Beginning at the line that contains "这块铝盖是电源内外连接的桥梁", output each line exactly through the end of the records, and drop any pictures.

┌────────

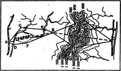 3、单选题 铁路定线是在地形图或地面上选定线路的方向,确定线路的空间位置,并布置各种建筑物,是铁路勘测设计中决定全局的重要工作。下图铁路定线是线路起止点和必须经过的城市A、B、C。读图,完成下列各题。
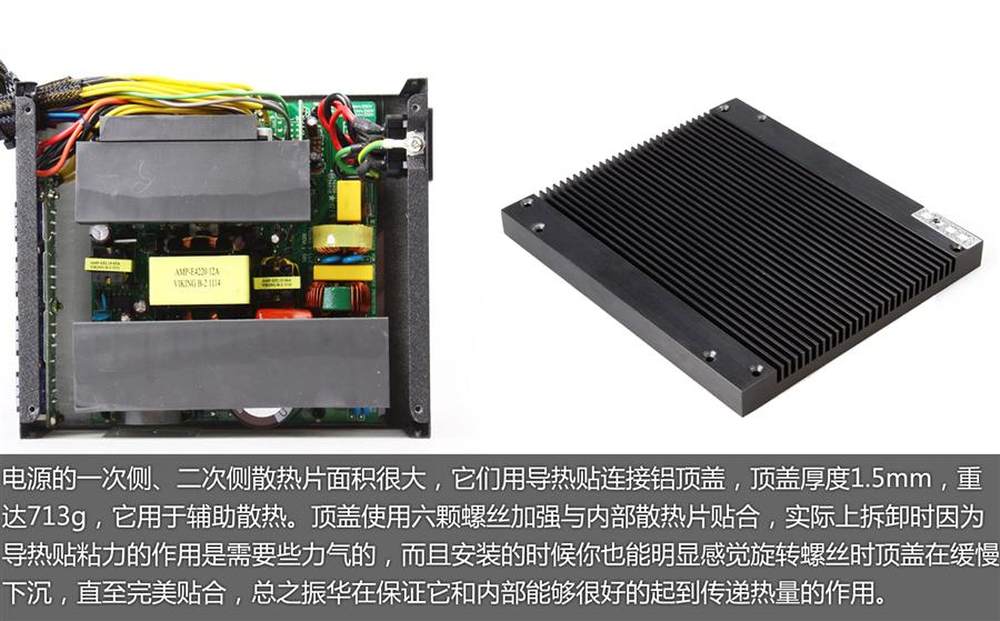 这块铝盖是电源内外连接的桥梁,透过机箱风道可以辅助电源散热,实际摸上去时,在室温20多度的环境下很清凉,对散热还是有很大帮助作用的。8/10
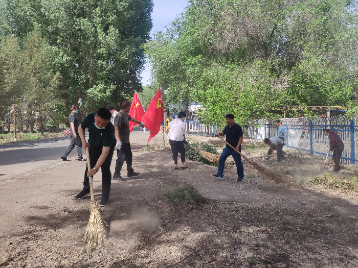 活动结束后,大家各持工具,来到二二二团三连冰湖社区,一同清理道路周边的枯木烂叶、杂草等垃圾,共同改善连队环境。
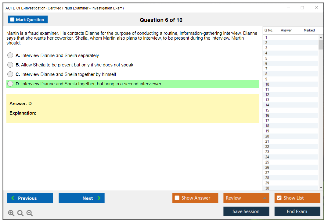 What are the Sample Questions of ACFE CFE-Investigation Exam?
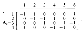 Строка матрицы А показывает, какие ветви выходят из каждого независимого узла графа цепи (и входят в него), а столбец – к каким узлам присоединена ветвь.

└────────

*SOLUTION TO THIS TASK*.
 这块铝盖是电源内外连接的桥梁,透过机箱风道可以辅助电源散热,实际摸上去时,在室温20多度的环境下很清凉,对散热还是有很大帮助作用的。8/10
 活动结束后,大家各持工具,来到二二二团三连冰湖社区,一同清理道路周边的枯木烂叶、杂草等垃圾,共同改善连队环境。
 What are the Sample Questions of ACFE CFE-Investigation Exam?
 Строка матрицы А показывает, какие ветви выходят из каждого независимого узла графа цепи (и входят в него), а столбец – к каким узлам присоединена ветвь.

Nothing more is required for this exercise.